Lady Don, born Emilia Eliza "Emily" Saunders (c. 1830 – 29 September 1875) was an English singer and actor who enjoyed great popularity in Australia. She married an actor, Sir William Henry Don, Bart., who died in Hobart, Tasmania on 18 March 1862.

History
The eldest daughter of John Saunders, a London actor, Saunders was attracted to the stage at an early age, becoming popular on account of her beautiful singing voice. On 17 October 1857 she married, at Marylebone, Sir William Don, a widowed baronet of little means but outstanding personality, who made a living as an actor, so they often appeared together at the Theatre Royal, Newcastle, notably in Kenilworth, a burlesque of Scott's novel, in which she played Leicester and Sir William played Queen Elizabeth, to great effect, accentuated no doubt by his extraordinary height of .

Australia
They proceeded to Australia aboard Blue Jacket, arriving in Melbourne on 16 December 1860, and opened at the Theatre Royal on 21 January 1861 as Josephine in The Daughter of the Regiment (billed as The Child of the Regiment). The operetta was well received, and she was applauded by audience and critics alike, while her husband's eccentric performance in the accompanying farce was greeted enthusiastically. On Burns Night they played Guy Mannering to a crowded house, with Lady Don as Julia Mannering and Sir William as Dandie Dinmont. They left Melbourne at the end of March 1861, playing Sydney April–June, with Geelong, Ballarat and Bendigo and other gold rush towns in July–October. They returned to the Theatre Royal, Melbourne for a second season November 1861 – January 1862. On 24 February they opened at the Theatre Royal, Hobart, and it was at Webb's Hotel, Murray Street in that town that Sir William Don died on 19 March 1862 at age 37. He had been suffering lung problems, but died of an aortic aneurysm, and was buried privately at St David's cemetery in Davey Street. Lady Don fulfilled her immediate obligations but refused offers of further engagements, though they would have been highly lucrative, and left with her daughter for England by the Lincolnshire on 26 May 1862. One of her last acts was to have her husband's coffin exhumed and despatched to London  by the Harrowby, which left Hobart on 1 May 1862.

Return to Australia
In England Lady Don and her daughter lived with Sir William's family, but had no income and was unable by circumstances to appear on stage, so was anxious to return to Australia where she was certain of making a living.

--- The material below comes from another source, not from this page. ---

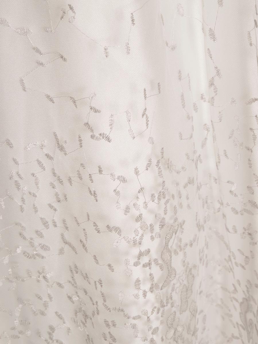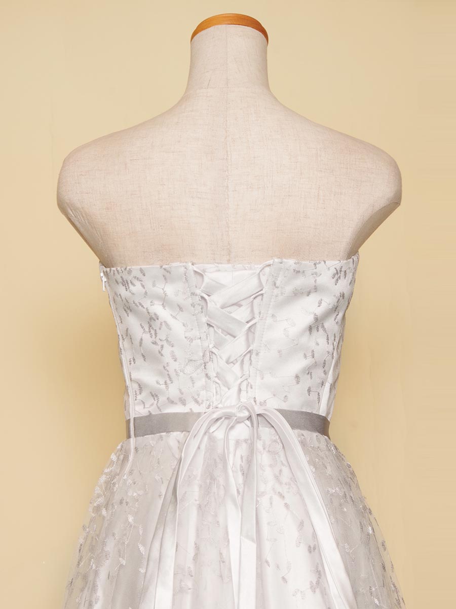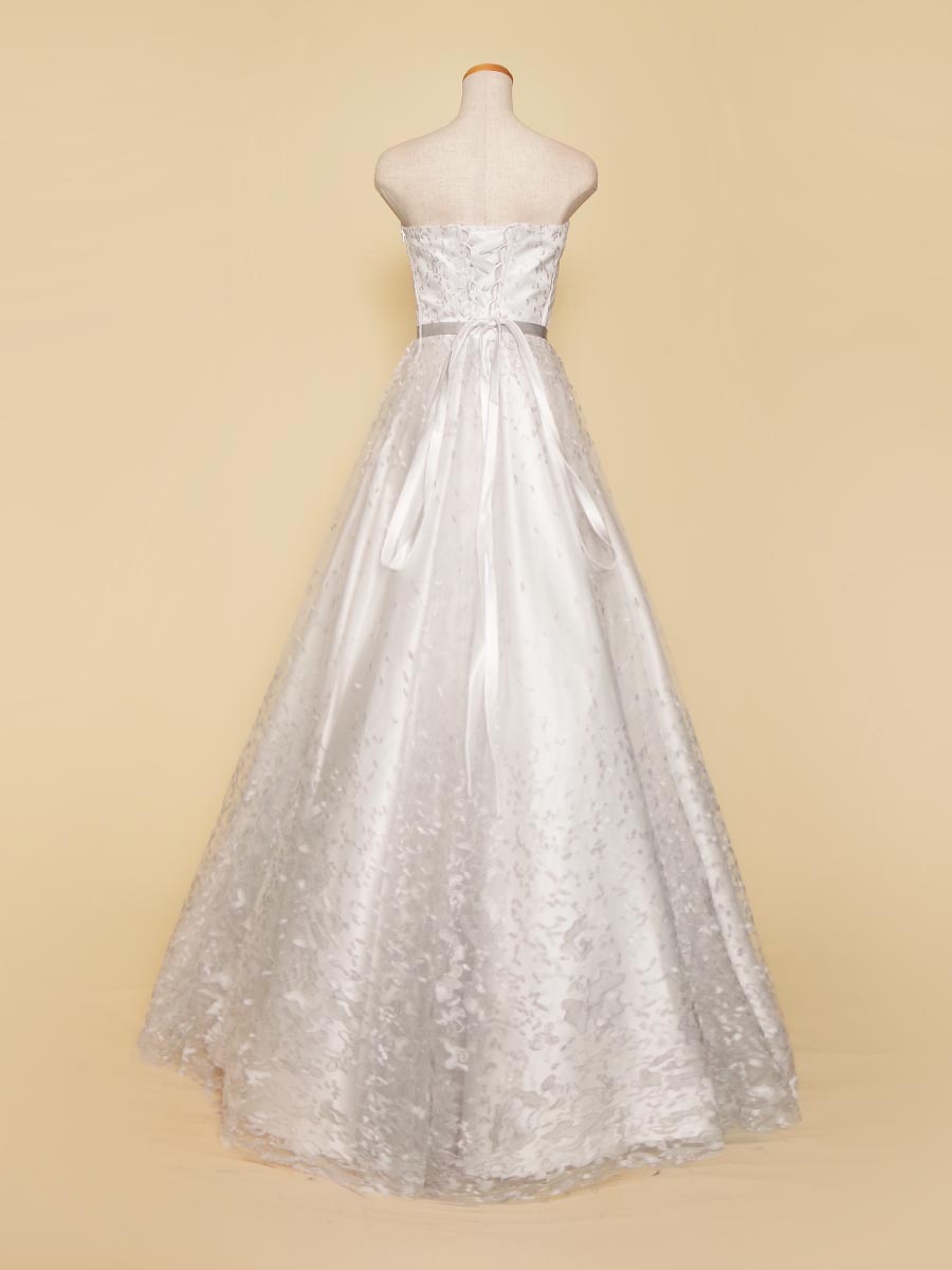 純白のサテン生地をベースにシルバーカラーのグラデーション刺繍を重ねた気品漂う透明感を持った演奏会ドレス。

She left in the ship Suffolk, which arrived in Melbourne on 25 May 1864. Her first appearance was on 6 August 1864, at the Haymarket, which reopened under a new lessee, Hoskins. She opened the season by again playing Josephine in The Child of the Regiment to tremendous applause. Seemingly having forgotten his previous antipathy, Howson's troupe supplied support. 
She went on to play Sydney January–March 1865, from which time she was managed by Henry D. Wilton, and her performances were supported by the Howson Family Troupe: Frank, Emma and Clelia. She played Brisbane March–April, Tasmania April–May, Adelaide June–August and Melbourne September–November.
They played Sydney December 1865–January 1866, then across the Tasman Sea to New Zealand February–May 1866.

America
She arrived in California in July 1866, and toured America, at first on the same bill as the Howson Family Troupe, but a dispute arose, details as yet not found, and Frank Howson, sen. (1818–1869) vowed he would never share a stage with her again.
Her last American engagement was at the Howard Athenaeum, Boston, in March 1868.

Britain
She returned to Great Britain, where her first engagement was with the Tyne Theatre, Newcastle on 13 April 1868, playing Josephine in The Daughter of the Regiment but lost her voice owing, she said, to a cold. Her efforts were, however, greeted by sympathetic cheers.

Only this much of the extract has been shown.